In addition to the tasks above, a digit span task was administered to measure verbal WM capacity. For this, the digits 0 through to 9 were presented sequentially in the centre of the screen for 1000ms followed by a blank inter-stimulus interval (ISI) for 1000ms. Stimuli were pseudo-randomly selected such that stimulus repeats were only allowed after every nine items. At the end of the list, a 3×3 grid was presented on screen and participants recalled the presented sequence in serial order by indicating responses with mouse clicks. The task commenced with lists containing 4 items. At each span level, 4 trials were presented and participants advanced to the next level (i.e. the list lengthened by 1 item) if they responded with 75% accuracy at any given level. The task ended once performance failed to meet this condition.

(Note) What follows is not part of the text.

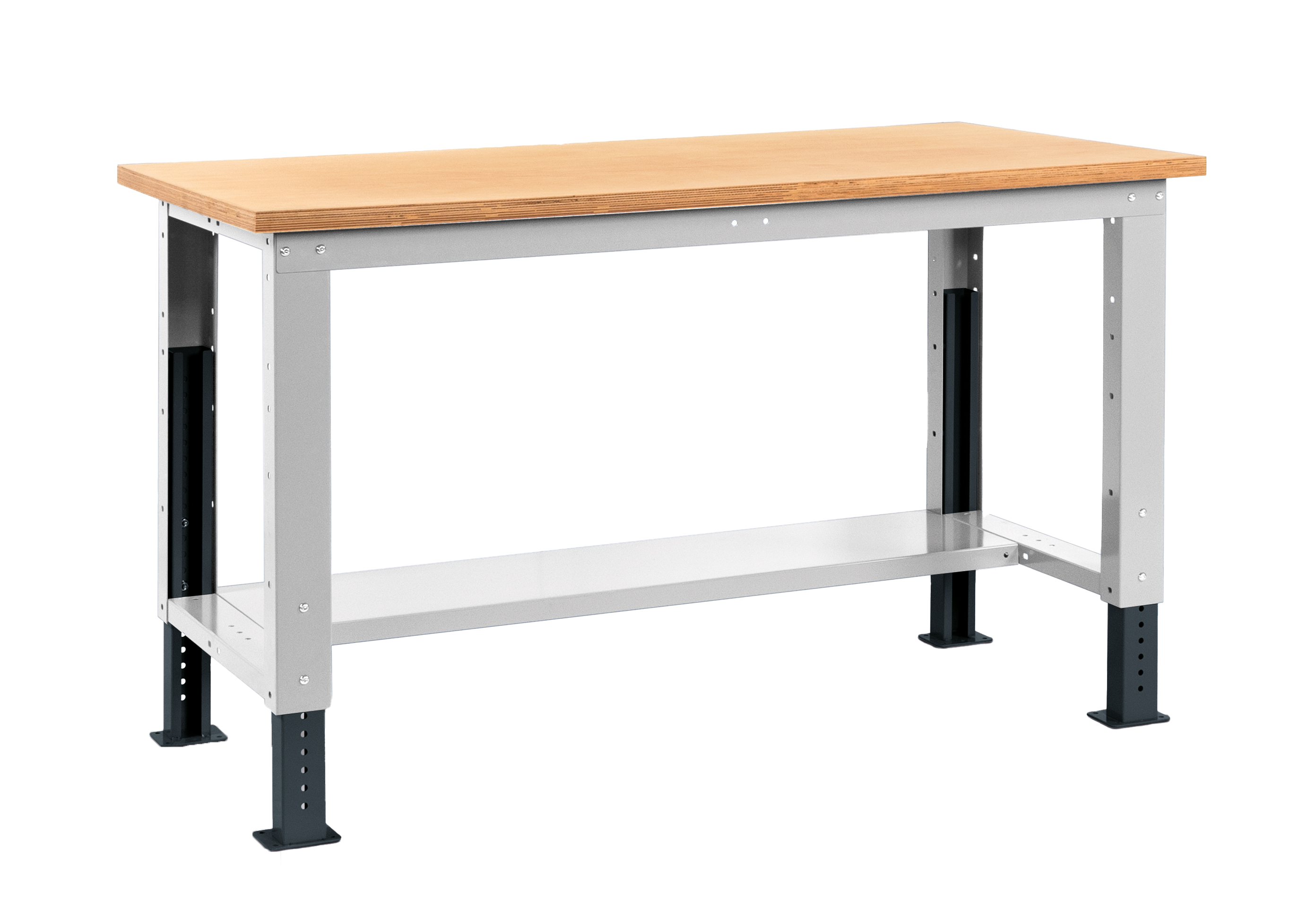 Etabli m?tallique Fortis avec plateau bois en multipli h?tre ?paisseur 30 mm<br>Structure fabriqu?e en t?le d?acier de premi?re qualit?<br>Plateau supportant une charge de 1000 kg (C.U.R) <br>Pieds r?glables en hauteur de 732 ? 1107 mm (au pas de vis de 25 mm)<br><br>Avec 1 demi-?tag?re m?tallique inf?rieure de d?pose renforc?e L.1260*P.300*H.35 mm (charge maxi de 100 kg)<br><br>Coloris Gris clair Ral 7035 + Gris anthracite Ral 7016<br><br>Di

Span was recorded as the level at which participants correctly recalled 3 or more trials.

Procedure

For each participant, the digit span task was administered first, followed by three experimental tasks: the continuous reaction time (CRT) task, the respective working memory (WM) task, and the dual task condition in which both tasks were performed concurrently. These were implemented using a blocked design with a fixed task order (CRT, WM, and dual task) repeated over 1 practice block and 5 experimental blocks. All tasks were completed within one session, typically lasting between 1.5 to 2 hours. All tasks were designed and presented on a PC using MATLAB 2014a (The Mathworks, Inc.) and Psychtoolbox-3 (Brainard, 1997; Pelli, 1997; Kleiner et al, 2007).

Results

There were no group differences in age, F(2,87) = 2.14, p > .05, gender, χ2(2, N = 90) = 0.12, p > .05, or verbal WM capacity measured using the digit span task, F(2,87) = 0.21, p > .05. Mean recall accuracy and RTs from the WM and CRT tasks respectively are presented in Table 1 for both load conditions across the three WM tasks.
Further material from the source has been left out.